Заводик существовал сто семьдесят лет и за все это долгое время внешне почти не изменился. В тринадцатом году его начали было поднимать, но подняли только часть цеха, другую же, словно для сравнения, оставили как было. После революции, конечно, прибавились кое-какие новые станки, но в большинстве остались старые, и правильный молот, например, которым били кровельное железо, чтобы придать ему упругость и глянец, предохраняющие от ржавчины, по-прежнему был деревянный, и во время работы торец его закрывали железным чехлом, так как загоралось молотище.

Изготовлял заводик кровельное железо и лопаты.

К началу смены и в обеденный перерыв глуховатый старик Илья Тарасович звонил в церковный колокол, висящий на столбе. Гудка на заводике не было, но, хотя это очень огорчало и администрацию, и рабочих, директор комбината гудка не давал, говорил, что у них пара на гудок не хватит. Возможно, это так и было.

В прежние времена Илья Тарасович был мастером листопрокатки. Когда он состарился, его перевели в сторожа, и теперь его служба заключалась в том, что он сидел в проходной будке, проверял пропуска, звонил в колокол, а иногда, чтобы размяться, медленно брел к насыпи гнать мальчишек с деревянной запруды.

Прозвонив в колокол конец обеденного перерыва, Илья Тарасович обычно усаживался в своей будке пить чай. В это время из домика, расположенного напротив завода, выходил беленький и очень живой старичок. Он был в белом костюме, в рубашке с белым галстуком, в белой фуражке; лицо его было маленькое, розовое, с пухлыми щечками, седая бородка была подстрижена клином — все это придавало ему сходство с белой мышью.

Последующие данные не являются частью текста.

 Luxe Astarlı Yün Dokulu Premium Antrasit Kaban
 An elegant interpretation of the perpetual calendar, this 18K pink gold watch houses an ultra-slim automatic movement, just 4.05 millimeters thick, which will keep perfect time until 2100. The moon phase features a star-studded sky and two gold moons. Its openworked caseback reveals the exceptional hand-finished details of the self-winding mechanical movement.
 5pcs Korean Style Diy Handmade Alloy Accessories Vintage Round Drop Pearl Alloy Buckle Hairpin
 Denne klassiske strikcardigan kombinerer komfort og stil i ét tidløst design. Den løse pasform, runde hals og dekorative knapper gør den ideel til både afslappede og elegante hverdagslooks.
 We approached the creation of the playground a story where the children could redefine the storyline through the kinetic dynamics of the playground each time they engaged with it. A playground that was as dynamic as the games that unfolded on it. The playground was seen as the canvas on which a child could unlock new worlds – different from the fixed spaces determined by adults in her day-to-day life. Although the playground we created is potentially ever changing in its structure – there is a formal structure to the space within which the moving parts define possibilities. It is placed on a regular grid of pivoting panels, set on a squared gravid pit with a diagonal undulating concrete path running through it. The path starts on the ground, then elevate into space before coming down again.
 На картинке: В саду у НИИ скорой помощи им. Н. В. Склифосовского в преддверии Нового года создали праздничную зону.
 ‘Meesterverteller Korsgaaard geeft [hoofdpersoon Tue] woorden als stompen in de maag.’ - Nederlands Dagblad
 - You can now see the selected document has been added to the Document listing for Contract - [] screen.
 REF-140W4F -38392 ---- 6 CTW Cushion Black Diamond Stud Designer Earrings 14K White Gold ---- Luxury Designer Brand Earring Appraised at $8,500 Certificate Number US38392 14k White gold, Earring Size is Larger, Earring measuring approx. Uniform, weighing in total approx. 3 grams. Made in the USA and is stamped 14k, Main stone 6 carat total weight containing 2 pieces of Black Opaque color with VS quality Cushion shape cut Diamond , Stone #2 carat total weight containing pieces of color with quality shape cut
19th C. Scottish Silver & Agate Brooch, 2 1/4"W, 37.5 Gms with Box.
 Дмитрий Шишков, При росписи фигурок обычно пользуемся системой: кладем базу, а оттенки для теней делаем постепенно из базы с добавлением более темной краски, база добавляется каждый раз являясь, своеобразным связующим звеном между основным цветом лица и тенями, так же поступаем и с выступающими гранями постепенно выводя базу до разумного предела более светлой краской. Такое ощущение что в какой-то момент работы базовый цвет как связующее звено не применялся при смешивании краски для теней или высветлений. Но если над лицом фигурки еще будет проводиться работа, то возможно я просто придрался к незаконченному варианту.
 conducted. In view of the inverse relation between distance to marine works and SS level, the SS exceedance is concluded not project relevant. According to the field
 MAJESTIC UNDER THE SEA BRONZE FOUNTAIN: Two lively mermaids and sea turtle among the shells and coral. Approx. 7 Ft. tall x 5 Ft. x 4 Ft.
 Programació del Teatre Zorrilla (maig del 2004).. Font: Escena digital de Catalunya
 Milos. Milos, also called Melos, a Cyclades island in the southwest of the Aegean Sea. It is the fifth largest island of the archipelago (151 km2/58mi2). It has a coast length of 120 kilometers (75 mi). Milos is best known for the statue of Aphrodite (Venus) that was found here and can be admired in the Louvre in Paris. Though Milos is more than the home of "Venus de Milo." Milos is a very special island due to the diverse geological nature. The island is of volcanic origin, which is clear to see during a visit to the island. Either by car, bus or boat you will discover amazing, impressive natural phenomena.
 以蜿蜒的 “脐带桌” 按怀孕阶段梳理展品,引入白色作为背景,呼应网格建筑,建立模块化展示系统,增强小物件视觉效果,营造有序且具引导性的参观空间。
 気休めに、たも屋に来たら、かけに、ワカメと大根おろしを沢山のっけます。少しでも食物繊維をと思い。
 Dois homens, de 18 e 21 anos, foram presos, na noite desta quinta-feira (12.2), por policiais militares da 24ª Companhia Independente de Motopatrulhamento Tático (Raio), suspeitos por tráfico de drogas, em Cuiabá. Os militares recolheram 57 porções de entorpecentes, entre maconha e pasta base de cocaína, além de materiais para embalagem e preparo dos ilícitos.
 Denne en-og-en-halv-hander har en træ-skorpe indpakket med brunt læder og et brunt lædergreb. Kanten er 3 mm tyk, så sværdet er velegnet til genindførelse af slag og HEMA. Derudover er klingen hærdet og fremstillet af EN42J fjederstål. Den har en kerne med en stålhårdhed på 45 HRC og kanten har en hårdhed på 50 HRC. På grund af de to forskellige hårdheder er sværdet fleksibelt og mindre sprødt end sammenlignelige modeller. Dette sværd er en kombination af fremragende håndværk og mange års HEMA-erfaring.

Он подходил к проходной будке, Илья Тарасович вставал перед ним навытяжку. Беленький старичок говорил ему:

— Сиди, сиди. Я просто так.

Но Илья Тарасович из почтительности не садился. Старичок покровительственно оглядывал сторожа и, тыкая в грудь согнутым пальцем, говорил:

— Слыхал, плохо работать стали?

— Как изволили сказать? — переспрашивал Илья Тарасович.

— Плохо, говорю, стали работать, а?

— Зачем же плохо. План даем.

— План!.. — презрительно тянул старичок. — Я не о плане разговор веду, а о качестве.

— Как?

— О качестве, говорю. Ты совсем оглох, Илья Тарасович.

— Это нам неизвестно, — отвечал Илья Тарасович и с беспокойством смотрел на беленького старичка.

Старичок качал головой, некоторое время стоял молча и думал.

Ему очень хотелось пройти в завод, и он знал, что пропуска у него Илья Тарасович не спросит, но появляться на заводе ему было неудобно. Идти или не идти? Он качал головой, взмахивал розовыми пухлыми ручками, бормотал что-то и наконец, толкнув Илью Тарасовича в грудь, говорил:

— А ты сегодня, между прочим, на две минуты раньше позвонил. Точности не соблюдаешь.

Звали беленького старичка Давыд Савельевич Мозгов. Ему было семьдесят четыре года. Из них сорок два он управлял этим заводиком. Был он сыном заводского рабочего, начал свою карьеру с рассыльного мальчика — «значка», как говорилось здесь, и дошел до управляющего. Управлял заводиком он и после революции и удалился на пенсию по старости всего несколько лет назад.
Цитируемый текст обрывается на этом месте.